Он очень любил поэзию Николая Заболоцкого, особенно строки: «Не позволяй душе лениться! / Чтоб в ступе воду не толочь, / Душа обязана трудиться / И день и ночь, и день и ночь!» Этому правилу Василий Александрович следовал неукоснительно.

Высокий, худощавый, смуглый, с большими темными глазами — в них попеременно отражались то непрошеная грусть, то закономерное беспокойство, а то и светлая радость как итог разрешения очередных проблем — Сухомлинский просыпался ни свет ни заря, в пять утра, иногда и раньше. Три-четыре часа трудился в кабинете и в это самое плодотворное для умственной работы время читал, размышлял, строил планы. Затем обходил школьную территорию. Указывал, что нужно исправить-подправить, где убрать сор, протереть пыль, совещался с сотрудниками и, наконец, встречал учеников. Всех, конечно же, знал по именам. Разговор, как правило, заводил с теми, кто отчего-то грустил, уходил в себя. Находил нужные слова или обращался к учителю: «Мария Ивановна, поговорите с Сережей (Петей, Надей, Зоей). Должно быть, дома у них что-то неладно». И неизменно оказывался прав.

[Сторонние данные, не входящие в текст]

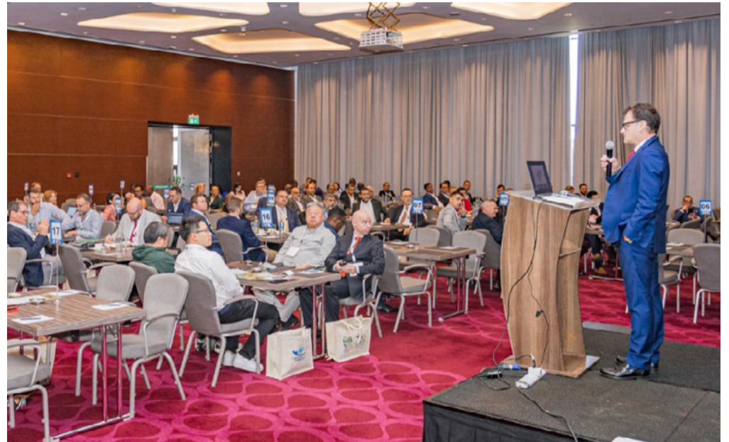
ALN and ALNA meeting - Nairobi, 2023
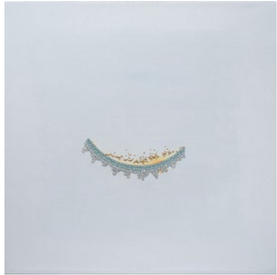
Self Soother 15, 2020

An exhibition statement and images can be found here .
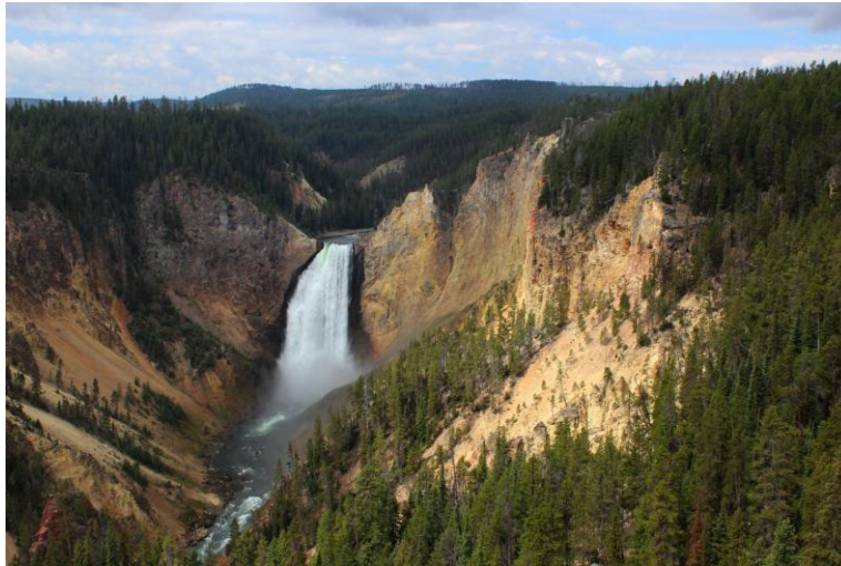
Yellowstone Falls, Yellowstone National Park
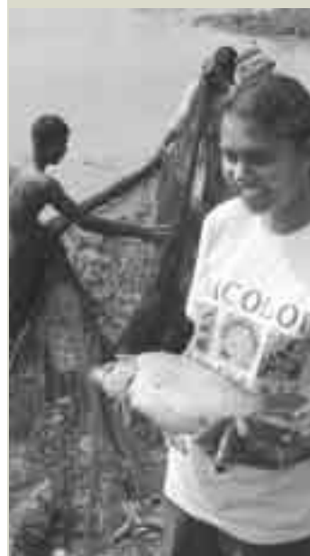
First harvest from a project-supported small reservoir in north-central Sri Lanka

ACIAR is supporting research on enhancement of disease resistance and loss reduction in mangoes and bananas in Sri Lanka. In Sri Lanka, preliminary investigations of disease resistance in banana fruit have documented cultivar differences in phytoalexin production and tissue acidity. Studies on mango found the same preformed defence compound in nine local cultivars. In Australia, research has commenced on treatments which enhance the natural defence mechanisms in mangoes.
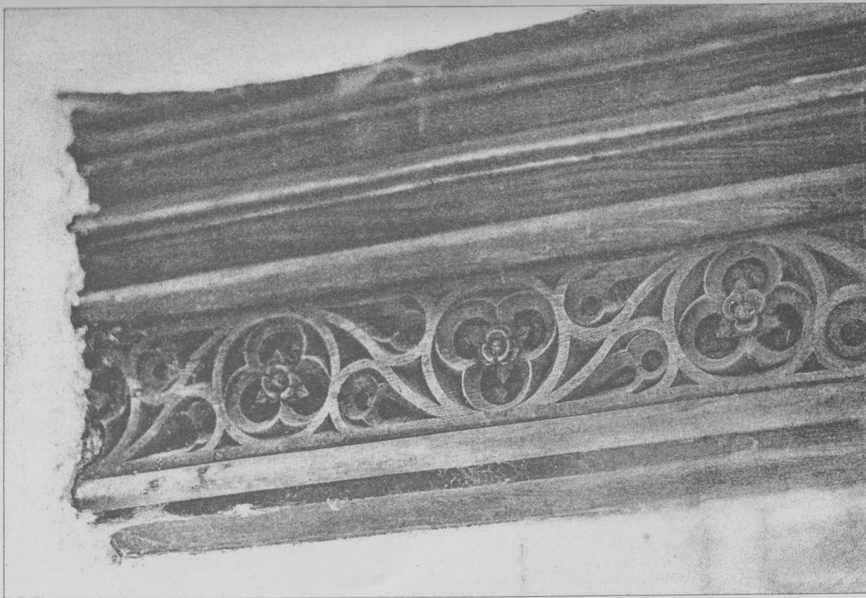
(2) DETAIL OF CARVING APPLIED TO WALL-PLATE; SOUTH WALL OF CHAMBER.

«С детьми нужно быть с утра до ночи, — уверял литератора Григория Медынского. — И в воскресенье нужно быть с ними. Но для меня это не бремя. Вы знаете, вот сейчас вечер, а мне хочется, чтобы поскорее наступило утро, и чтобы зазвенели снова их голоса».

Он знал назубок всю школьную программу, мог при необходимости заменить любого преподавателя. Его эрудиция, начитанность, владение языками производили сильнейшее впечатление на окружающих — как и щедрость, всегдашняя готовность делиться богатствами накопленных знаний. Любой из учеников, а равно учителей мог запросто прийти к нему домой и взять нужную книгу из огромной, толково собранной библиотеки.

Сухомлинский с его постулатом «Через красивое — к человечному — такова закономерность воспитания» создал педагогику, построенную на доверии, взаимопонимании, отрицании жесткого диктата. В этой учебно-воспитательной системе излишней строгости, черствой назидательности противопоставлены душевная чуткость и творческая увлеченность — юные и взрослые здесь, в сущности, равны. Педагог-новатор видел и понимал многое из того, что другие разглядеть, осознать были, похоже, не в силах.

«Учить следует так, чтобы дети не думали о цели, — это облегчит умственный труд», — писал мудрый педагог и стремился сделать так, чтобы стопа учебников на письменном столе не провоцировала скуку, не повергала в уныние. Для первых открытий, которые ждут на пути познания, нужны ясность мысли, уверенность в своих силах — тогда серая обыденность, состоящая из задач и параграфов, превращается в мир, полный увлекательных тайн и загадок, тягость учебы становится радостью.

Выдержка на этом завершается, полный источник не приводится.